## Task directions
Begin at the top of the records below and return each line exactly through the line with "中央支部の婦人部では、毎年7". Skip pictures.

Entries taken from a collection
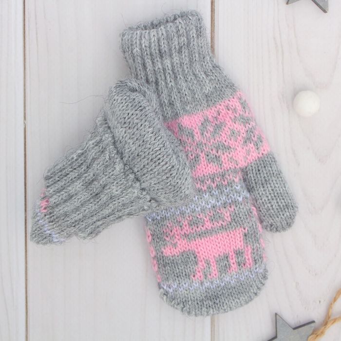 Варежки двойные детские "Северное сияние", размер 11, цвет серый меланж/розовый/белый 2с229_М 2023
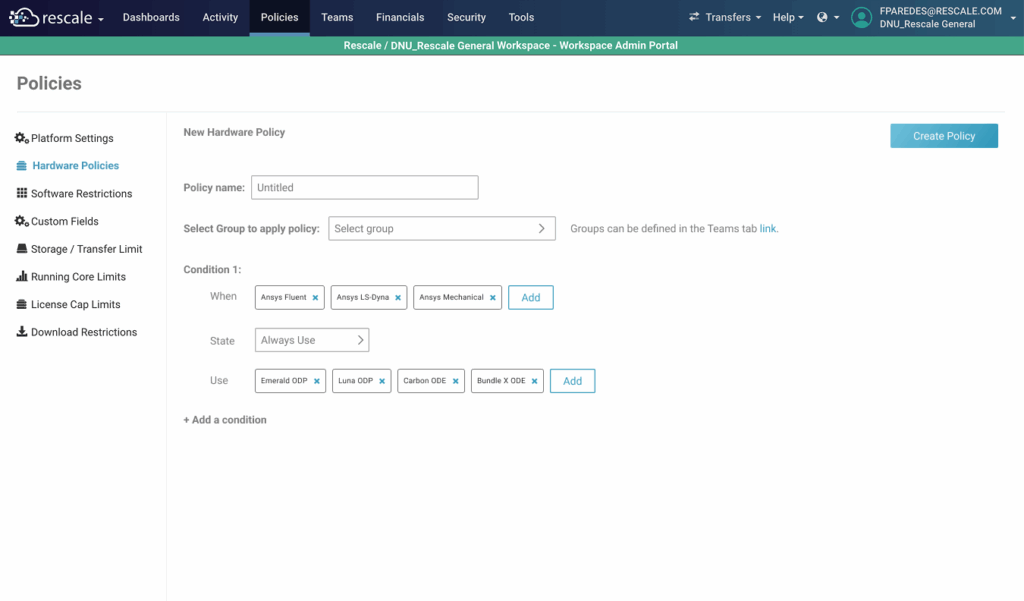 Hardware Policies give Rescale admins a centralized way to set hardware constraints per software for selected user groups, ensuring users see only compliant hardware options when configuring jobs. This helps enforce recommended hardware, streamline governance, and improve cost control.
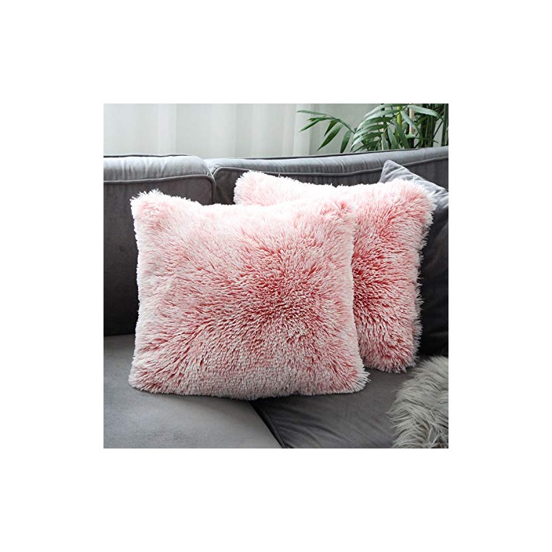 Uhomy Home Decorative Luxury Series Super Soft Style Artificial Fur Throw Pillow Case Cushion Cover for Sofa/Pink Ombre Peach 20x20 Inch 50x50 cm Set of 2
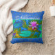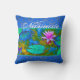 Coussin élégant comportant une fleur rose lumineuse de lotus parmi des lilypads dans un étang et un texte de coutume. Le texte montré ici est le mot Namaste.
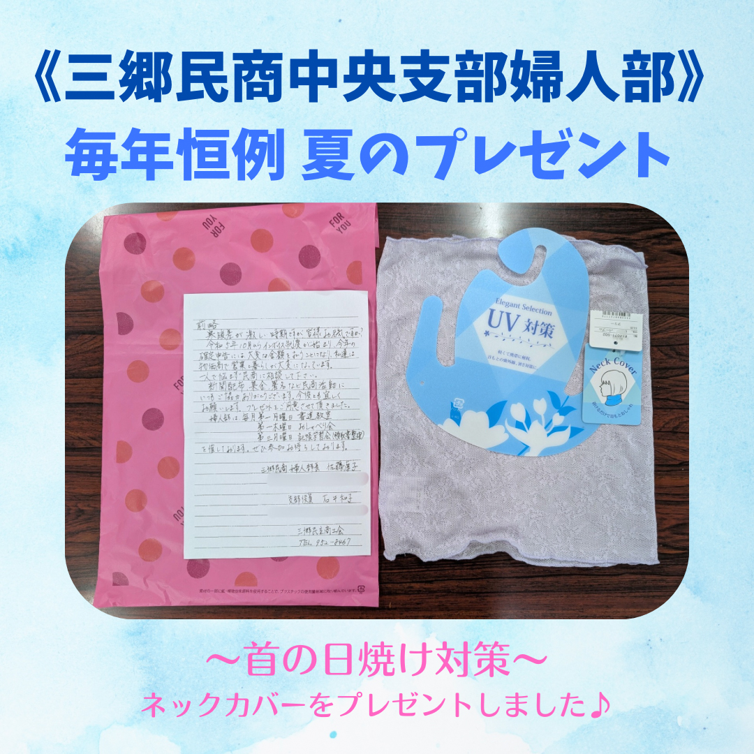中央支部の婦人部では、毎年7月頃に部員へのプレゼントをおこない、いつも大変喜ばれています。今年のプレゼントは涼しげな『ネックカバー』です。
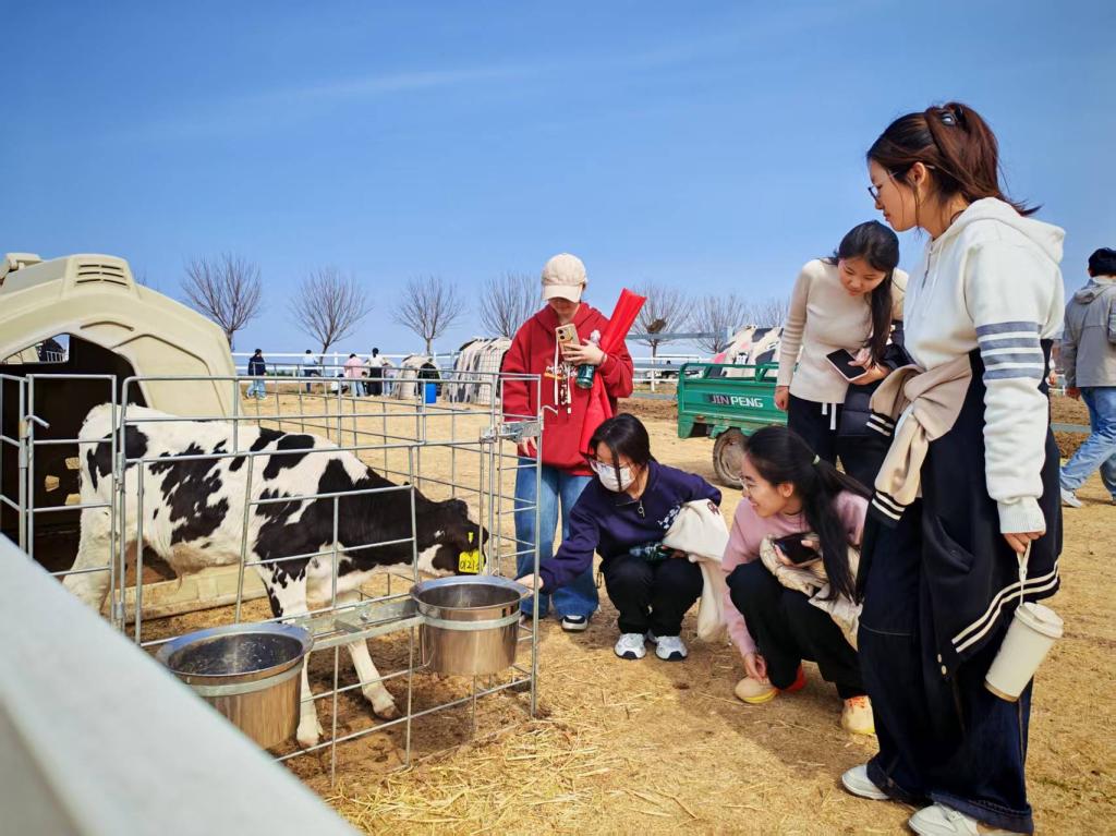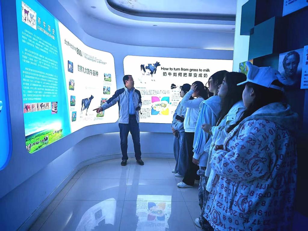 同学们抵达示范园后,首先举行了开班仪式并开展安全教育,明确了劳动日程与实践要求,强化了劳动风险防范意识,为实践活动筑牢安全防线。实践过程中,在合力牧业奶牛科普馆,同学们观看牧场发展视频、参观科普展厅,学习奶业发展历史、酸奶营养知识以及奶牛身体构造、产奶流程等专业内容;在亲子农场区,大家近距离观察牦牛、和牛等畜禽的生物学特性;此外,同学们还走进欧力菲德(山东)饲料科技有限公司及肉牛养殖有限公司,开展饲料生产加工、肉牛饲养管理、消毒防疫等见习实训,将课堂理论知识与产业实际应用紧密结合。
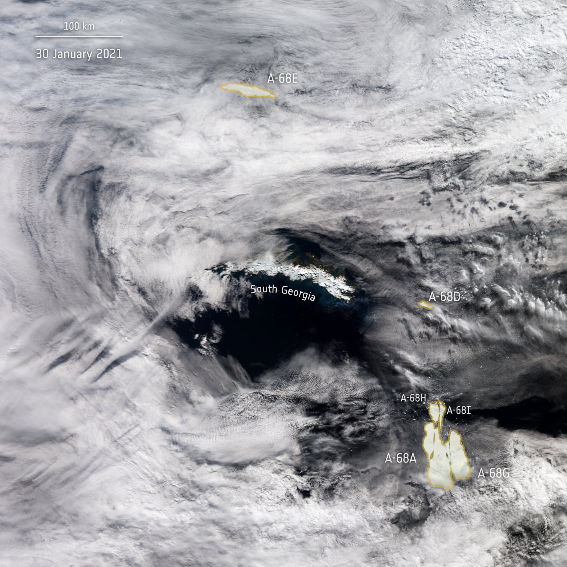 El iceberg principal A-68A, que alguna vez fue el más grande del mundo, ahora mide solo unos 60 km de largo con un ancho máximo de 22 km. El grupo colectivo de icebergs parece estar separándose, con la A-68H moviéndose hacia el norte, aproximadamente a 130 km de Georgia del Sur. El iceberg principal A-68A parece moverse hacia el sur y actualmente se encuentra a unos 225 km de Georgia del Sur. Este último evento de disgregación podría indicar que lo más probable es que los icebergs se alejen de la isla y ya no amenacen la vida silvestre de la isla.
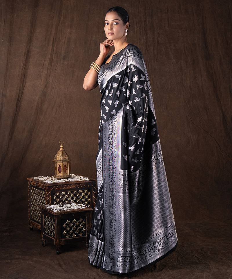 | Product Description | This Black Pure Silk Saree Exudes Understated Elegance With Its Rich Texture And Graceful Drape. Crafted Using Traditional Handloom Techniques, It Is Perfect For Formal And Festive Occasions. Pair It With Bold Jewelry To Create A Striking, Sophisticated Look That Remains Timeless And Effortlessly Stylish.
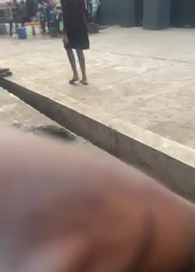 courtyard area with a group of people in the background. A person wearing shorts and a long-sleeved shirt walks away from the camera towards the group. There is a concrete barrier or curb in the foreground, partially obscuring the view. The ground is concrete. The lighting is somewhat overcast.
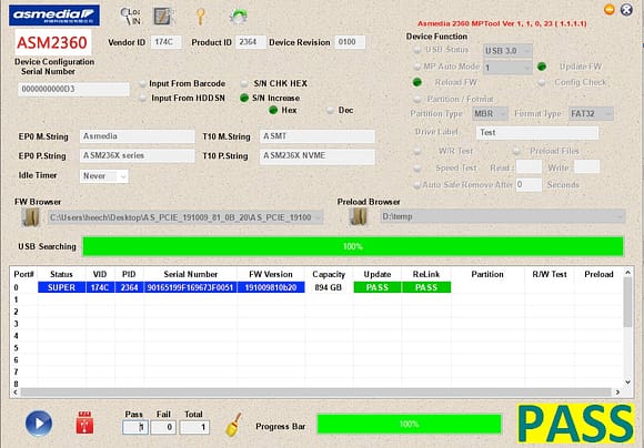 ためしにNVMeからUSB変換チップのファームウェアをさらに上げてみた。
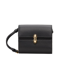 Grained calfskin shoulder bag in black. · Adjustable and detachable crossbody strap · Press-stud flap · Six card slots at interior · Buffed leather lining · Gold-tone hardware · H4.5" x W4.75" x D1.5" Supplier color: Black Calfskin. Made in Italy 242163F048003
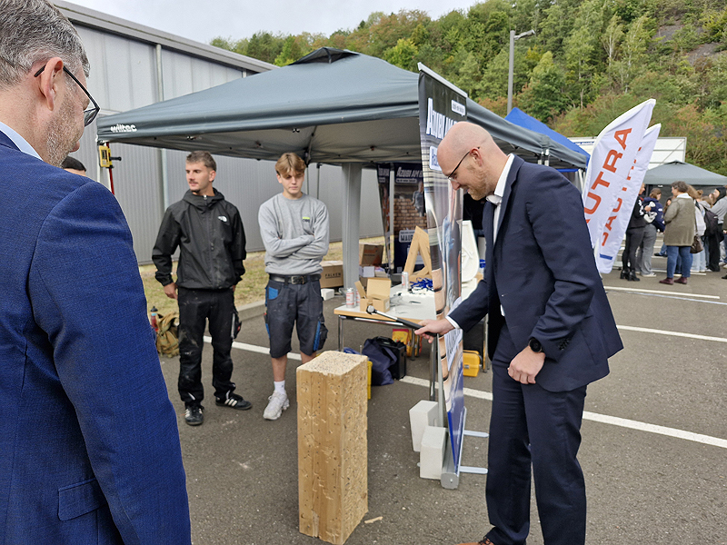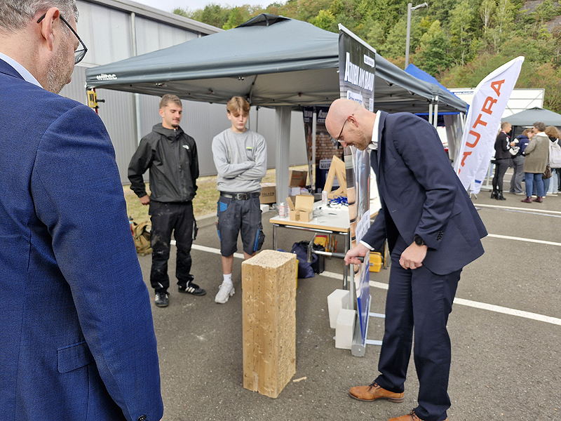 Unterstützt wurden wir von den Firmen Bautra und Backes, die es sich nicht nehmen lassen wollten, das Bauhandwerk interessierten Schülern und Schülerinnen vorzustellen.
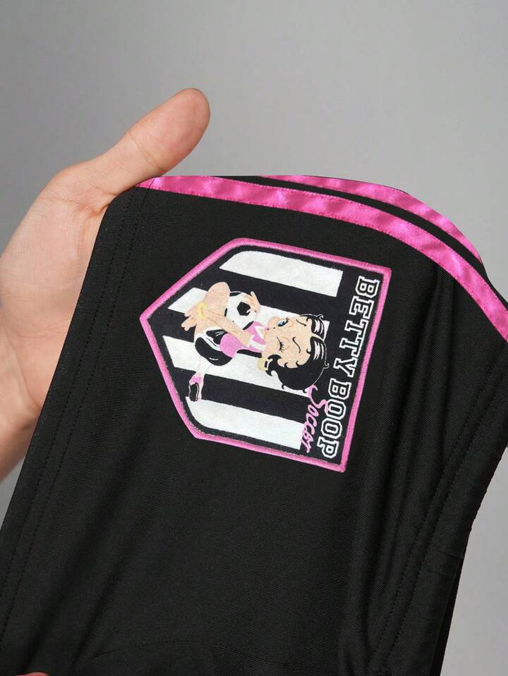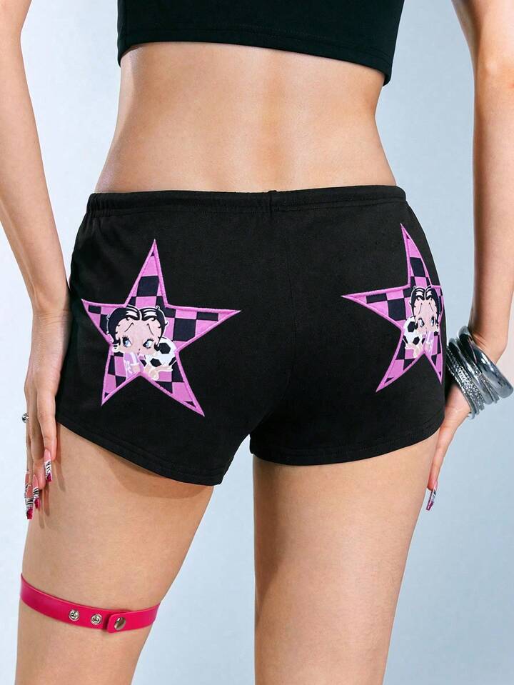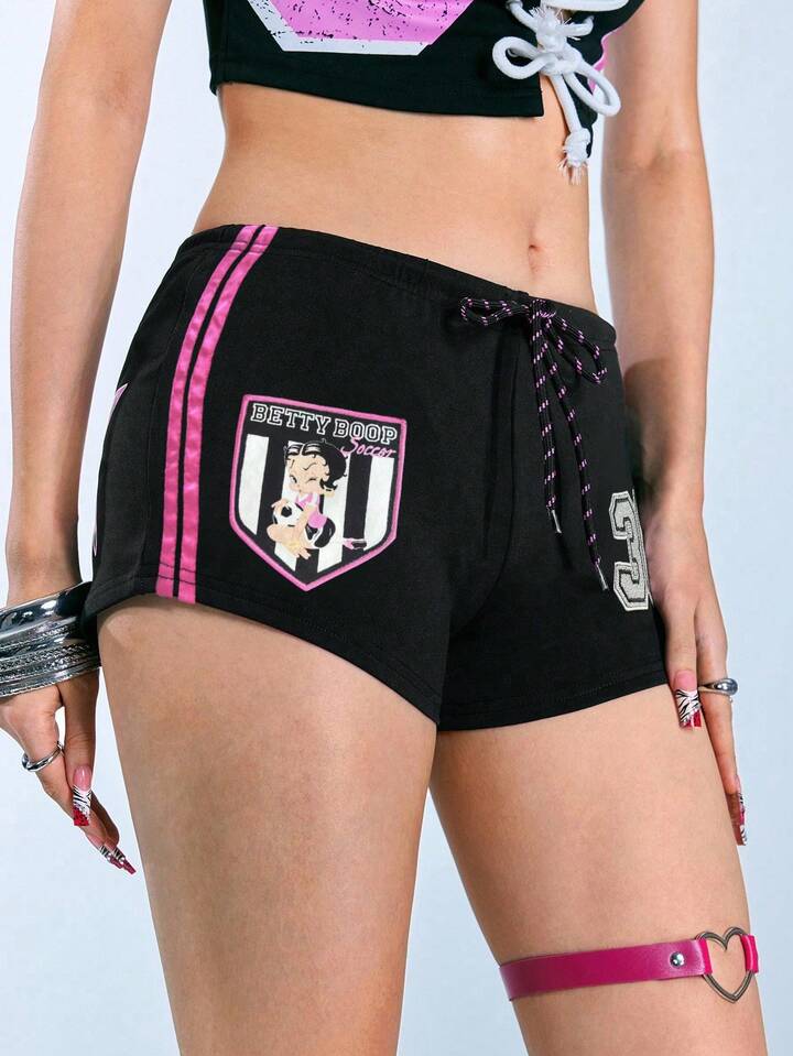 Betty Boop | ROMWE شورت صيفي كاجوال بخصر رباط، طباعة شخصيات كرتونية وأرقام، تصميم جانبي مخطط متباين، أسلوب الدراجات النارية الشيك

## Answer for the task
 Варежки двойные детские "Северное сияние", размер 11, цвет серый меланж/розовый/белый 2с229_М 2023
 Hardware Policies give Rescale admins a centralized way to set hardware constraints per software for selected user groups, ensuring users see only compliant hardware options when configuring jobs. This helps enforce recommended hardware, streamline governance, and improve cost control.
 Uhomy Home Decorative Luxury Series Super Soft Style Artificial Fur Throw Pillow Case Cushion Cover for Sofa/Pink Ombre Peach 20x20 Inch 50x50 cm Set of 2
 Coussin élégant comportant une fleur rose lumineuse de lotus parmi des lilypads dans un étang et un texte de coutume. Le texte montré ici est le mot Namaste.
中央支部の婦人部では、毎年7月頃に部員へのプレゼントをおこない、いつも大変喜ばれています。今年のプレゼントは涼しげな『ネックカバー』です。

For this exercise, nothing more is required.